Note: Might not need the initial 2 steps for subscription manager and EPEL repo.

  1. Update yum before updating/ installing other packages. If you don’t get the latest version of ceph-deploy (2.0), use this method to update it to the latest version of 1.5. I got 1.5.37 by default but upgraded it to 1.5.39 to solve a few issues while creating OSDs.

    wget http://download.ceph.com/rpm-luminous/el7/noarch/ceph-deploy-1.5.39-0.noarch.rpm
    rpm -Uvh ceph-deploy-1.5.39-0.noarch.rpm --nodeps
    
  2. Make sure to update NTP services and change time zone to EST on all nodes including admin.

    ssh user@ceph-server
    sudo useradd -d /home/{username} -m {username}
    sudo passwd {username}
    
    • Replace “user” with the OS name of node like centos and ceph-server with IP address of that node.
    • Replace “username” with the OS name of node like centos.
  3. Add your user name to sudoers file

    echo "{username} ALL = (root) NOPASSWD:ALL" | sudo tee /etc/sudoers.d/{username}
    sudo chmod 0440 /etc/sudoers.d/{username}
    

    Replace “username” with OS name on the node like centos.

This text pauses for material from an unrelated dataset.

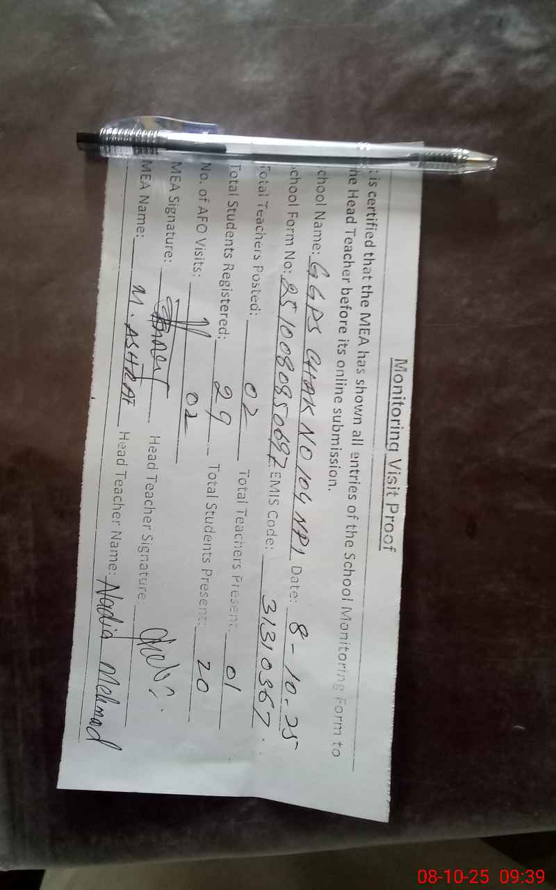 | Attendance Register | Head Teacher | MEA with School | Visit Proof |

  4. For the ssh config file:

    Host node1_name
       Hostname node1_ip_address
       User {username}
    Host node2_name
       Hostname node2_ip_address
       User {username}
    Host node3_name
       Hostname node3_ip_address
       User {username}
    

Replace username with OS name of node like centos.

  1. Either enable firewall on all nodes OR use iptables.

  2. Create new volume in Kaizen for each node (excluding admin) and attach it to the nodes to create a new disk for each node (reflected as /dev/vdb in the path). The volume size might depend on the node size. One of the forums said if the node size is 5-10 GB then the volume should be around 20 GB.

  3. For adding a new node after the cluster has been formed install ceph packages just for that node.

    ceph-deploy install new_node_name
    

    Transfer the admin-client keyring

    ceph-deploy admin new_node_name
    
  4. Depending on the version of ceph-deploy the OSD creation commands might differ. The version 2.0 and above is mentioned in the document. For version 1.5.39 the command is:

    ceph-deploy osd create {node_name}:/dev/vdb
    

    If this doesn’t work, you can split this command into two:- prepare and activate. Do this from the admin node.

    ceph-deploy osd prepare {node_name}:/dev/vdb
    ceph-deploy osd activate {node_name}:/dev/vdb
    
  5. If you run into an error asking for a few missing keyrings like this:

    2018-03-20 12:16:59.550708 7f916621c700 -1 auth: unable to find a keyring on /etc/ceph/ceph.client.admin.keyring,/etc/ceph/ceph.keyring,/etc/ceph/keyring,/etc/ceph/keyr    ing.bin: (2) No such file or directory
    2018-03-20 12:16:59.550718 7f916621c700 -1 monclient(hunting): ERROR: missing keyring, cannot use cephx for authentication
    2018-03-20 12:16:59.550720 7f916621c700  0 librados: client.admin initialization error (2) No such file or directory
    Error connecting to cluster: ObjectNotFound
    

    Change permissions for the ceph.client.admin.keyring in all nodes including admin to make them readable/ writable.

    sudo chmod 644 /etc/ceph/ceph.client.admin.keyring
    

    You are NOT missing/ need any other keyrings apart from the ones already created and listed in the document.

  6. You might run into a health error if you’ve deployed only one OSD and the monitor on the same node. I believe the monitor is just redundant on one node. Make sure to deploy the other OSDs before checking the health status.

  7. You will get a health error/ warning if an OSD goes down. You need to reactivate it. SSH into it and write: sudo ceph-disk activate-all to activate all placement groups. Change keyring permission again for the node and it will be up and running.

  8. To create a new OSD pool: ceph osd pool create {pool-name} pg_num It is mandatory to choose the value of pg_num because it cannot be calculated automatically. Here are a few values commonly used:

    • Less than 5 OSDs set pg_num to 128
    • Between 5 and 10 OSDs set pg_num to 512
    • Between 10 and 50 OSDs set pg_num to 1024
    • If you have more than 50 OSDs, you need to understand the tradeoffs and how to calculate the pg_num value by yourself
    • For calculating pg_num value by yourself please take help of pgcalc tool

To set the object name

ceph osd map {poolname} {object-name}